THE RIBBONS THAT STUCK IN HIS COAT
The little group was gathered in the
cellar of Pervyse. An occasional shell was heard
in the middle distance, as artillery beyond the Yser
threw a lazy feeler over to the railway station.
The three women were entertaining a distinguished
guest at the evening meal of tinned rabbit and dates.
Their visitor was none other than F. Ainslie-Barkleigh,
the famous English war-correspondent. He was
dressed for the part. He wore high top-boots,
whose red leather shone richly even in the dim yellow
of the lantern that lit them to their feast.

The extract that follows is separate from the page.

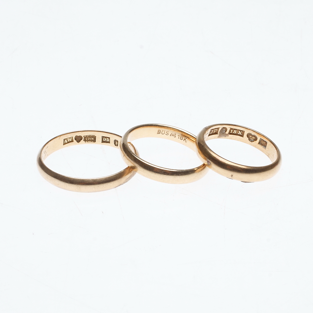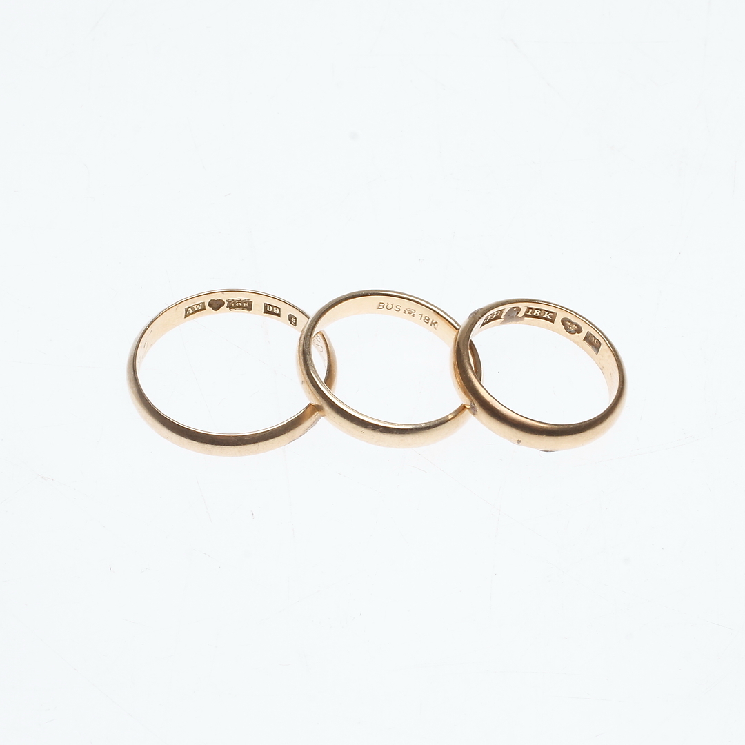 534735. RINGAR, 3 st, guld, 18k, vikt ca. 11,3 gram.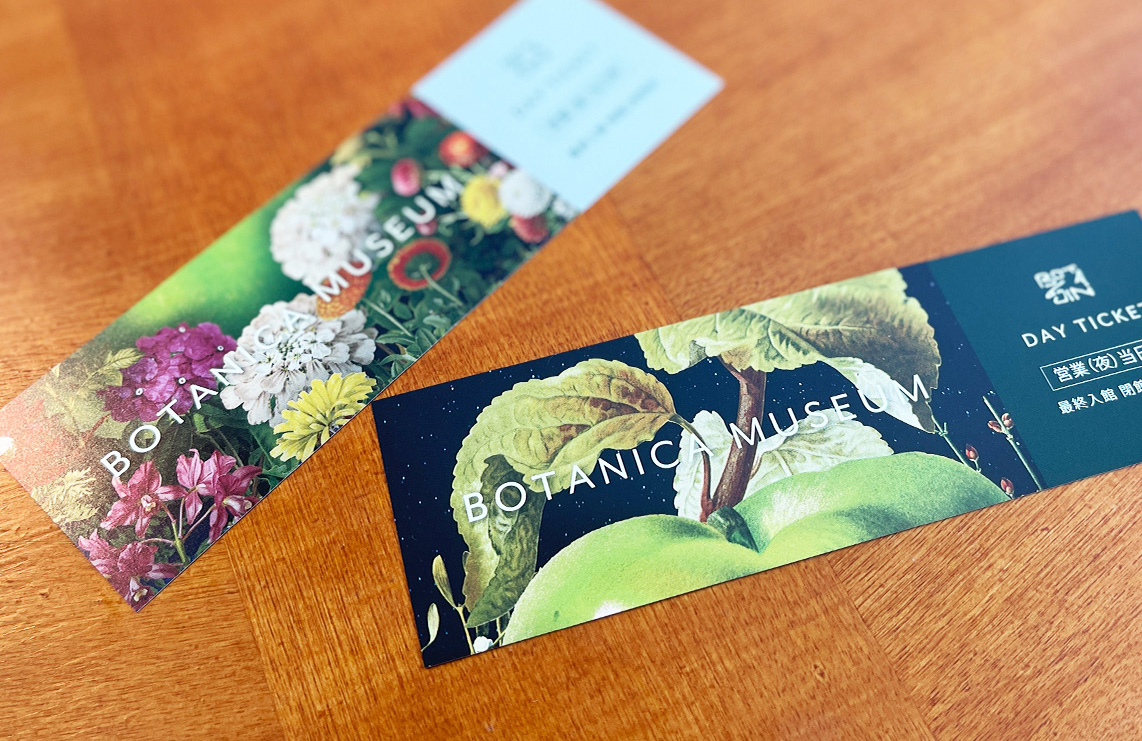 「BOTANICA MUSEUM」は、昼の部と夜の部(金〜日曜・祝日のみ)の運営があり、入館時間によってチケットの絵柄が異なります。写真映えする華やかなチケットは、どちらも揃えたくなってしまいますね。

About his neck was swung a heavy black strap from
which hung a pair of very elegant field-glasses, ready
for service at a moment’s call. He could
sweep a battle-field with them, or expose a hidden
battery, or rake a road. From the belt that made
his jacket shapely about his person, there depended
a map of the district, with heavy inked red lines
for the position of friend or foe. He was a tall
man, with an immense head, on which were stuck, like
afterthoughts, very tiny features a nose
easily overlooked, a thin slit of a mouth, and small
inset eyes. All the upper part of him was overhanging
and alarming, till you chanced on those diminutive
features. It was as if his growth had been terminated
before it reached the expressive parts. He had
an elaborate manner a reticence, a drawl,
and a chronic irony. Across half of his chest
there streaked a rainbow of color; gay little ribbons
of decoration, orange and crimson and purple and white.

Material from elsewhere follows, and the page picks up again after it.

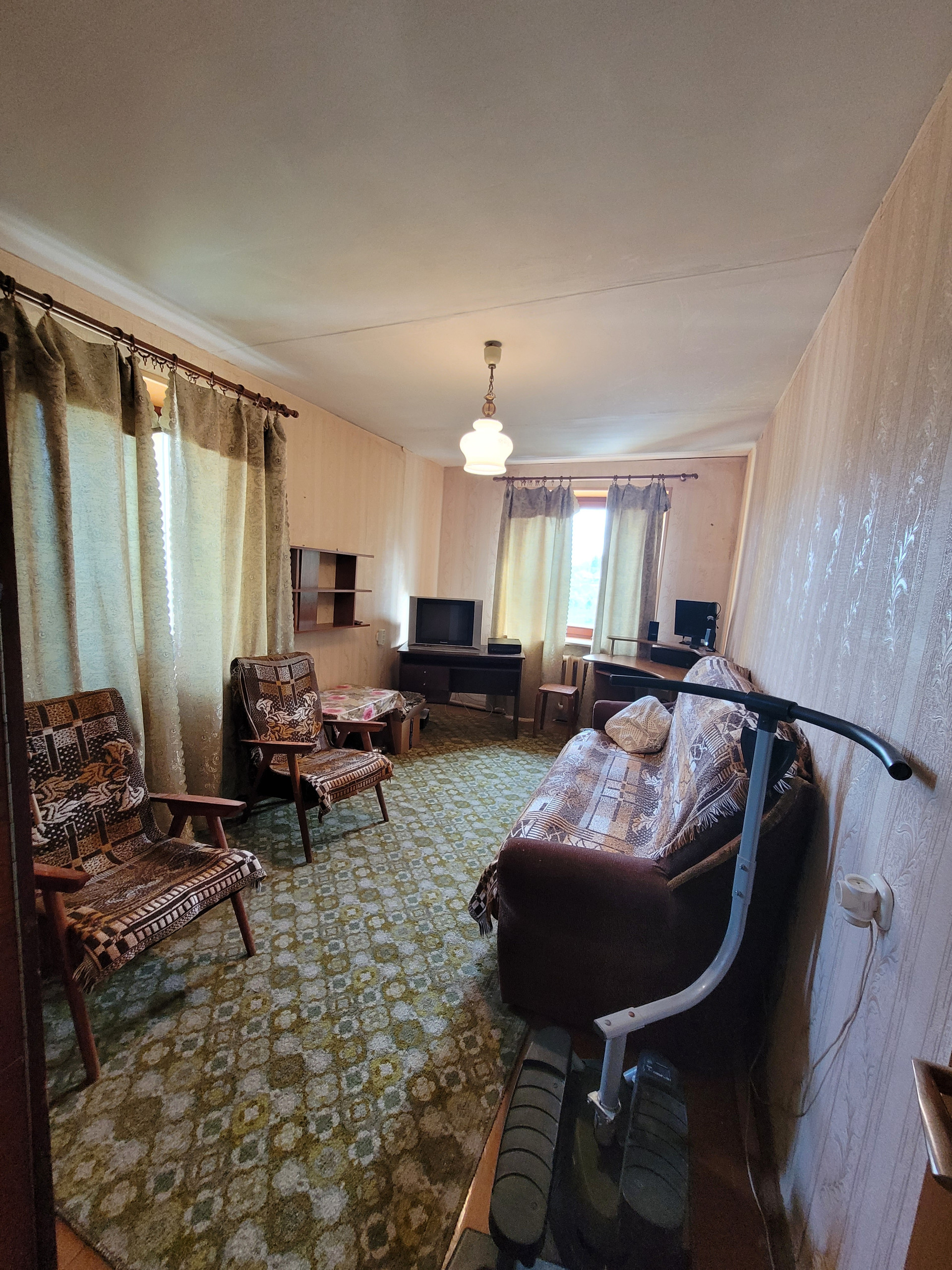 Отличная 2-комнатная квартира в благоустроенном поселке в 2 х километрах от черты города. Изолированные комнаты правильной формы 15,7 и 14,5 кв метров., в комнатах стоят дубовые стеклопакеты. Просторная кухня-7,6 кв. м с выходом на застекленную лоджию, просторный коридор, раздельный санузел. Состояние среднее, чисто. В квартире остается почти вся мебель, бойлер, микроволновка. Дом кирпичный, теплый, недавно сделан ремонт фасада.

Mrs. Bracher, sturdy, iron-jawed,
and Scotch, her pretty young assistant, sat opposite
him at table. Hilda did the honors by sitting
next him, and passing him tins of provender, as required.
“What pretty ribbons you wear,”
said Hilda. “Where did you get them?”
“Oh, different wars,” returned Barkleigh
carelessly.
“That’s modest, but it’s
vague,” urged Hilda. “If I had such
pretty ribbons, I should have the case letter and
the exhibit number printed on each. Now this
one, for instance. What happened to set this fluttering?”
“Oh, that one,” he said,
nearly twisting his eyes out of their sockets to see
which one her fingers had lighted on. “That’s
one the Japs gave me.”
“Thank you for not calling them
the little brown people,” returned Hilda; “that
alone would merit decoration at their hands. And
this gay thing, what principality gave you this?”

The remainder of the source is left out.